The lexer’s task is to read input from a Reader
(the "program") and send appropriate descriptive "tokens" into an output channel. In an interpreter or compiler implementation, these tokens would then be processed by a parser.
The full example source code presented here is available on GitHub.
Let's first implement the core function of our lexer's state machine using the traditional approach:
func TokensTraditional(r io.Reader, ch chan<- Token) {
bufR := bufio.NewReader(r)
for {
c, _, err := bufR.ReadRune()
if err != nil {
if !errors.Is(err, io.EOF) {
panic(err)
}
break
}
switch c {
case '+':
ch <- makeToken(Plus, "+")
case '-':
ch <- makeToken(Minus, "-")
}
}
}
Here we use a loop to read the sequence of runes from the Reader
, then we look at each rune and send tokens of various types into the output channel.
To simplify these examples, we just ignore any unknown runes (whitespace etc.) We also just panic in case of errors.
So far, this is just a simple loop, not a state machine – there is no state to keep track of. This changes when we introduce something more complex.
Let's add code to parse integers:
func TokensTraditional(r io.Reader, ch chan<- Token) {
inInt := false
intBuf := strings.Builder{}
bufR := bufio.NewReader(r)
for {
c, _, err := bufR.ReadRune()
if err != nil {
if !errors.Is(err, io.EOF) {
panic(err)
}
if inInt {
ch <- makeToken(Int, intBuf.String())
}
break
}
if inInt {
if isDigit(c) {
intBuf.WriteRune(c)
continue
}
ch <- makeToken(Int, intBuf.String())
inInt = false
intBuf.Reset()
}
if isDigit(c) {
inInt = true
intBuf.WriteRune(c)
continue
}
switch c {
case '+':
ch <- makeToken(Plus, "+")
case '-':
ch <- makeToken(Minus, "-")
}
}
}
The occurrence of a digit marks the start of an integer, which of course can consist of multiple digits. Since we are parsing runes one at a time, we need to keep track of the fact that we are "inside" an integer (using inInt
.) At the same time, we buffer all of the integer's runes (into intBuf
.)
The first rune that is not a digit marks the start of something else. This is our signal to send a new token using the contents of intBuf
.
Notice that there are two locations where we are sending an "integer" token: 1. once during normal parsing, and 2. once when we encounter EOF. This is due to the fact that the input can end with an integer, and we need to flush our internal intBuf
buffer.
Let's keep going and add one more step.
To parse strings, we need to add some more code to our state machine:
func TokensTraditional(r io.Reader, ch chan<- Token) {
inInt := false
intBuf := strings.Builder{}
inString := false
stringBuf := strings.Builder{}
bufR := bufio.NewReader(r)
for {
c, _, err := bufR.ReadRune()
if err != nil {
if !errors.Is(err, io.EOF) {
panic(err)
}
if inInt {
ch <- makeToken(Int, intBuf.String())
}
if inString {
panic(errors.New("string not closed"))
}
break
}
if inInt {
if isDigit(c) {
intBuf.WriteRune(c)
continue
}
ch <- makeToken(Int, intBuf.String())
inInt = false
intBuf.Reset()
}
if inString {
if c != '"' {
stringBuf.WriteRune(c)
continue
}
ch <- makeToken(String, stringBuf.String())
inString = false
stringBuf.Reset()
continue
}
if isDigit(c) {
inInt = true
intBuf.WriteRune(c)
continue
}
switch c {
case '+':
ch <- makeToken(Plus, "+")
case '-':
ch <- makeToken(Minus, "-")
case '"':
inString = true
}
}
}
Parsing strings is basically the same as parsing integers, except that strings are always enclosed in double quotes. When parsing strings, we just ignore the quotes and do not include them with our tokens.

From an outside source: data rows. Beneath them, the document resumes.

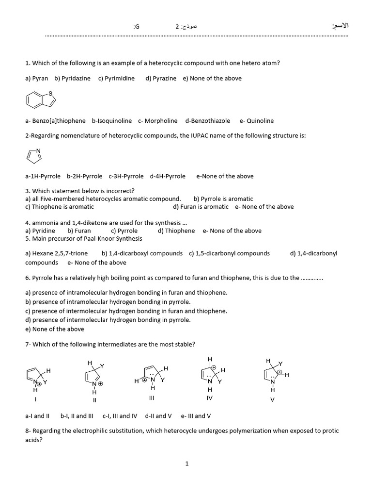 1. Which of the following is an example of a heterocyclic compound with one hetero atom?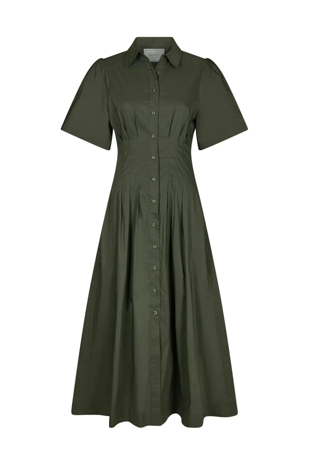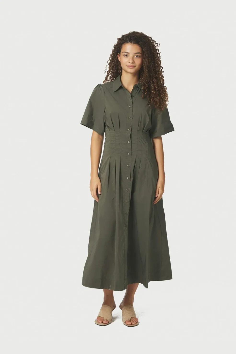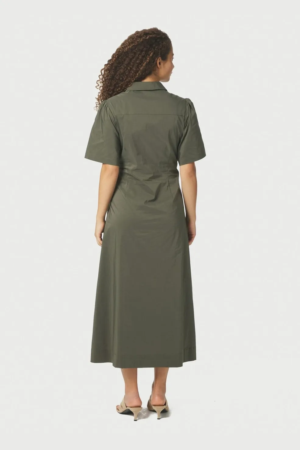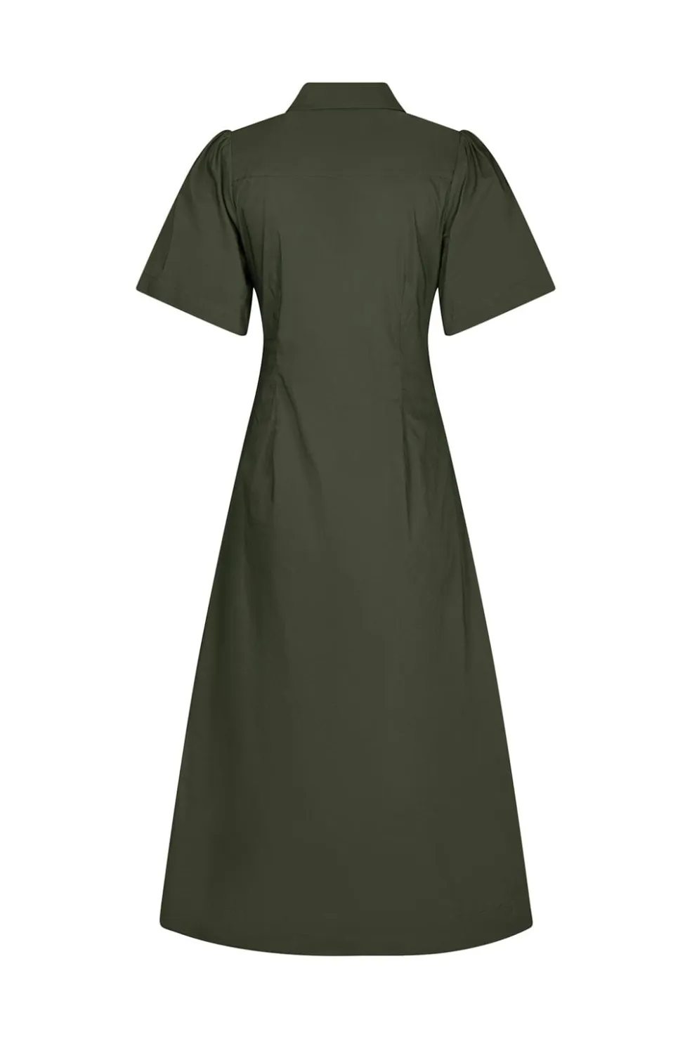 Poplin-kjole fra Neo Noir i armygrøn. Kjolen har en figursyet pasform med korte puffærmer og en knaplukning foran, der går hele vejen ned.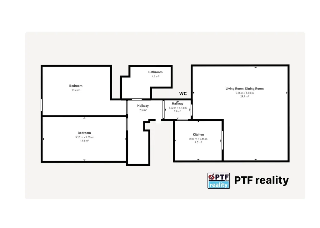 Uspořádání bytu je promyšlené — nic tu nepřebývá, všechno má své místo. Vyhovuje rodině stejně dobře jako páru, který chce mít každý svůj pokoj. informativní půdorys je k dispozici ve fotografiích. Projděte si byt v našem 3D skenu.
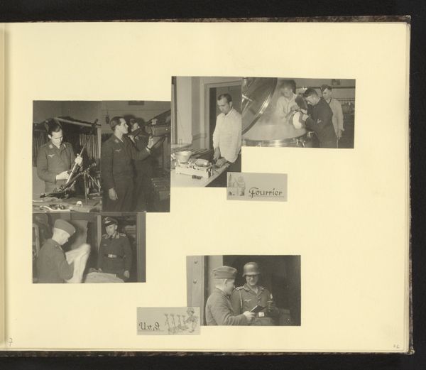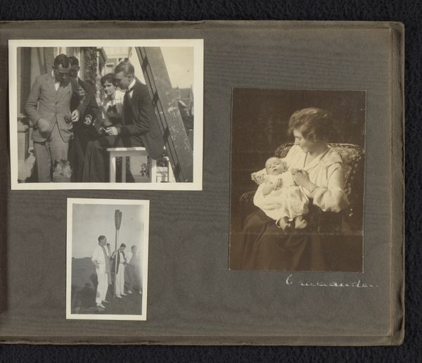 This series of photographs titled "Familie en vrienden", by P. Brandsma, presents a fragmented narrative through its composition and arrangement. Each photograph, with its distinct subject and setting, functions as a signifier within a larger semiotic structure. The placement of these images on the page, seemingly random, creates a visual language. It invites us to consider how meaning is constructed not only within each photograph but also through their juxtaposition. Consider the texture of the album page itself, its matte surface contrasting with the glossy prints. This tactile element underscores the personal, almost diaristic, nature of the work. The varying sizes and orientations of the photographs disrupt any sense of linear narrative, challenging our expectations of traditional storytelling. The structural arrangement here doesn't prescribe a fixed interpretation. Instead it encourages an open-ended engagement with memory, representation, and the very act of seeing.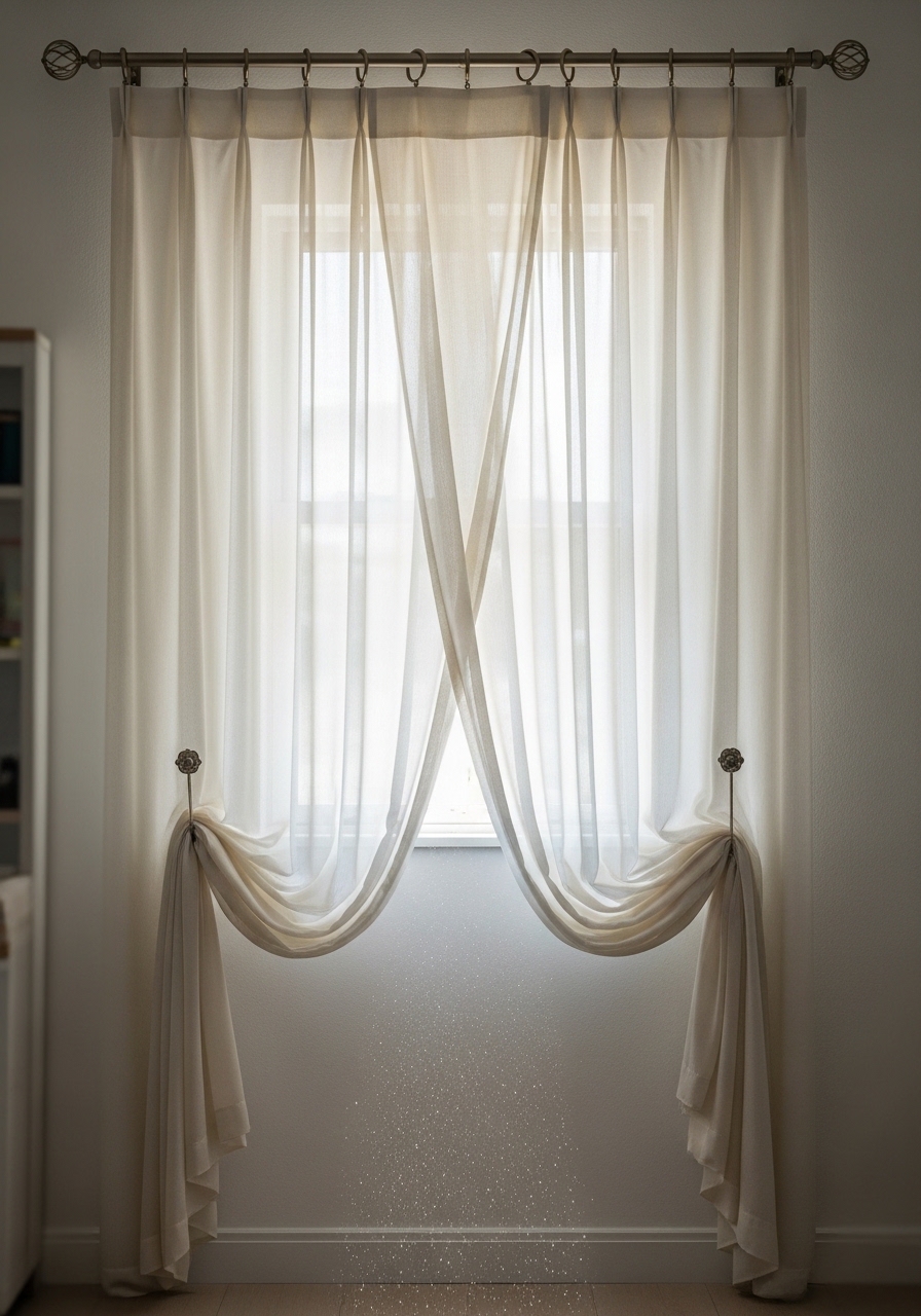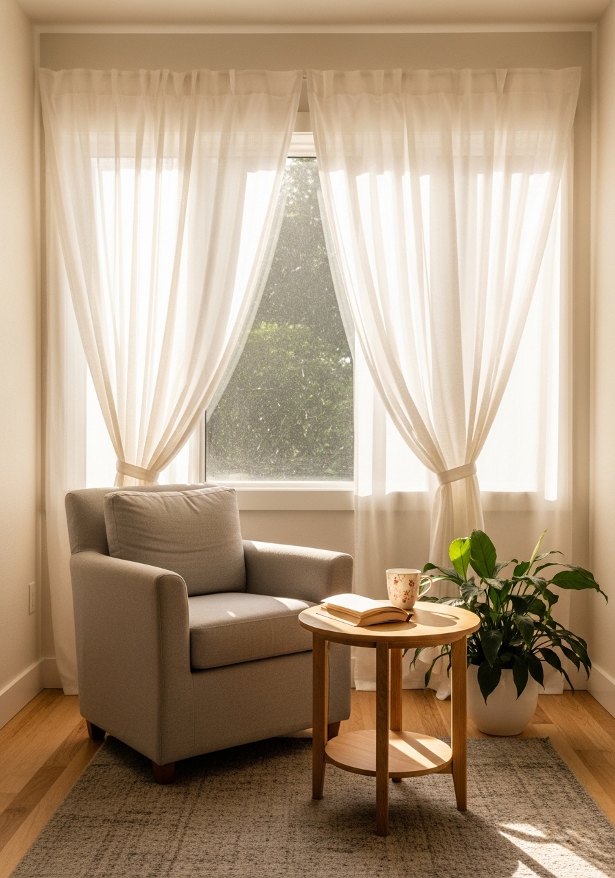 Sheer panels soften light and keep privacy. I used 96" panels in light ivory. I linked sheer curtain panels 96 inch and curtain rod 48 inch. Tip: layer with blackout liners for night. Mistake: heavy drapes during the day that darken rooms.

Our state machine now basically has three modes of operation:
While this whole example is a bit contrived, you may already be starting to see the following problems:
switch
block.The larger the state machine gets, i.e. the more states we add, the messier it will become. Is there a better way?

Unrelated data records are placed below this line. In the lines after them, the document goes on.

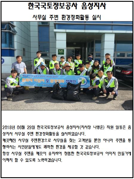 [충북지역본부 음성지사] 사무실 주변 환경정화 활동 실시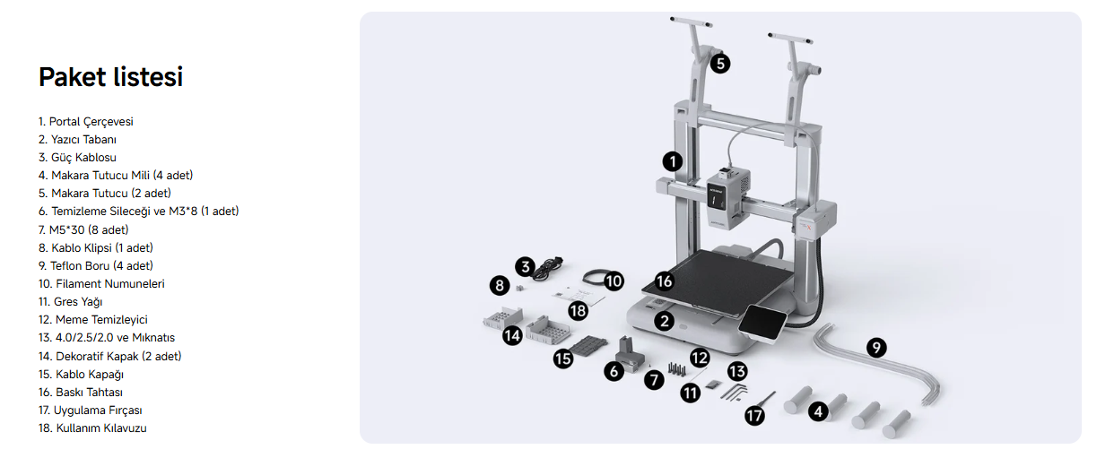 Desteklenen Filamentler: PLA, PETG, TPU, ABS, ASA, PVA ve benzeri filamentler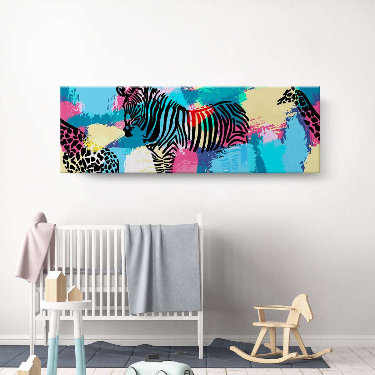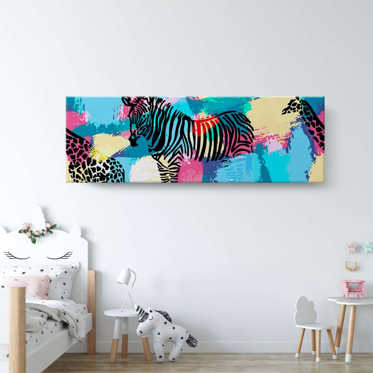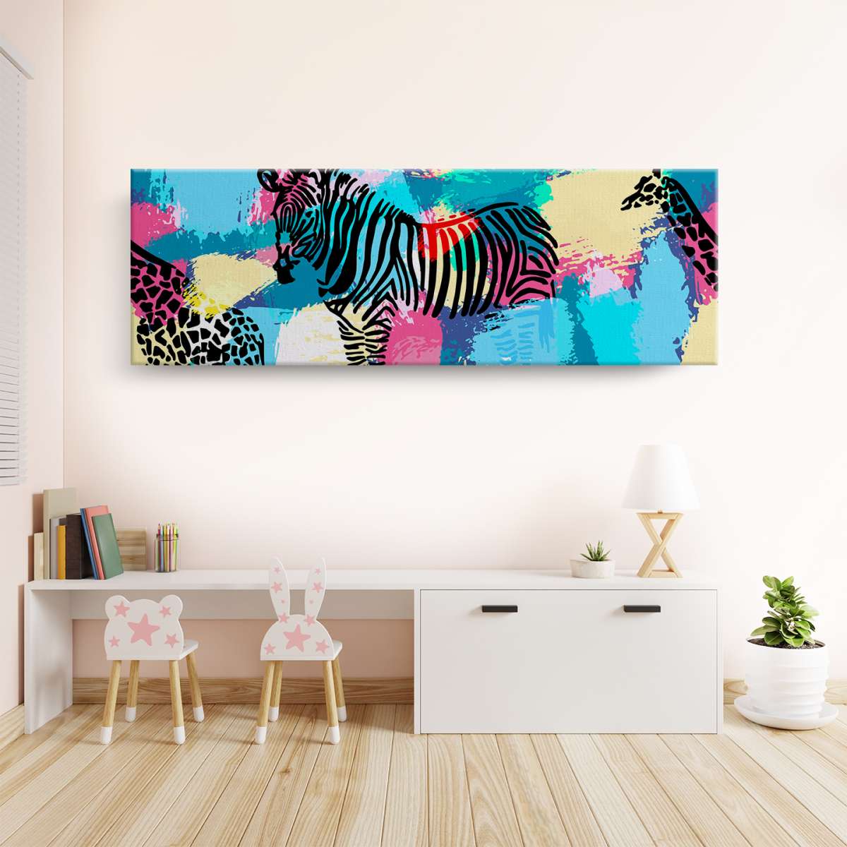 Zebry a žirafy na barevném pozadí - ilustrace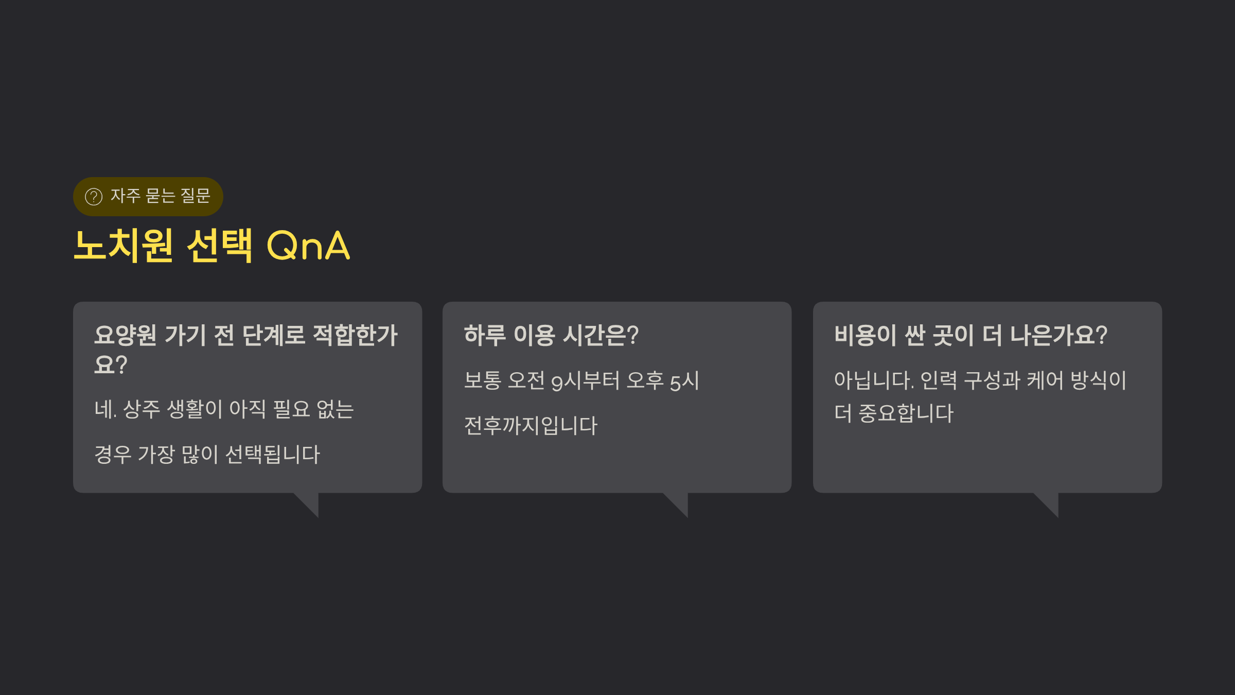 A. 아닙니다. 인력 구성과 어르신 케어 방식이 더 중요합니다.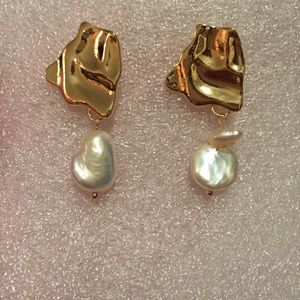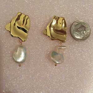 This pair of gold color freshwater pearl earrings is a wonderful addition to your wardrobe and your style! This fun and unique pair has a very beautiful and natural look and is sure to get many compliments!

In a word: Yes. In Go, functions are first class objects. This and the fact that Go also has closures can be used to our advantage. We will also make use of the defer
statement later on.
Let's rewrite the state machine's core function:
func TokensFunctional(r io.Reader, ch chan<- Token) {
bufR := bufio.NewReader(r)
state := parse
for state != nil {
state = state(bufR, ch)
}
}
That’s it.
The function first defines a starting state of parse
. Then it simply loops until we reach a nil
state, which breaks the loop. The state itself is a function that is called in every iteration of the loop.
So how does this work?
The functional state machine uses multiple "state functions" that all match the following type:
type stateFunc func(r *bufio.Reader, ch chan<- Token) stateFunc
The type stateFunc
is defined as a function that takes a Reader
and an output channel (just like before), but also returns a new stateFunc
. Now, this new stateFunc
is the state to be executed after the current function is done.

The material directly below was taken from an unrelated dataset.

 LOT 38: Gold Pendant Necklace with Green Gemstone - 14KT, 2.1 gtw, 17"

The task of a state function is to parse accordingly (parse an integer, for example) or delegate to other state functions by returning an appropriate stateFunc
.
We also need to set a rule: Whenever a state function is to be executed, the Reader
's buffer cursor always needs to be exactly before the thing to be parsed. For example, if the state function to parse an integer is to be executed, the cursor has to be before that integer, i.e. the first digit still needs to be in the buffer.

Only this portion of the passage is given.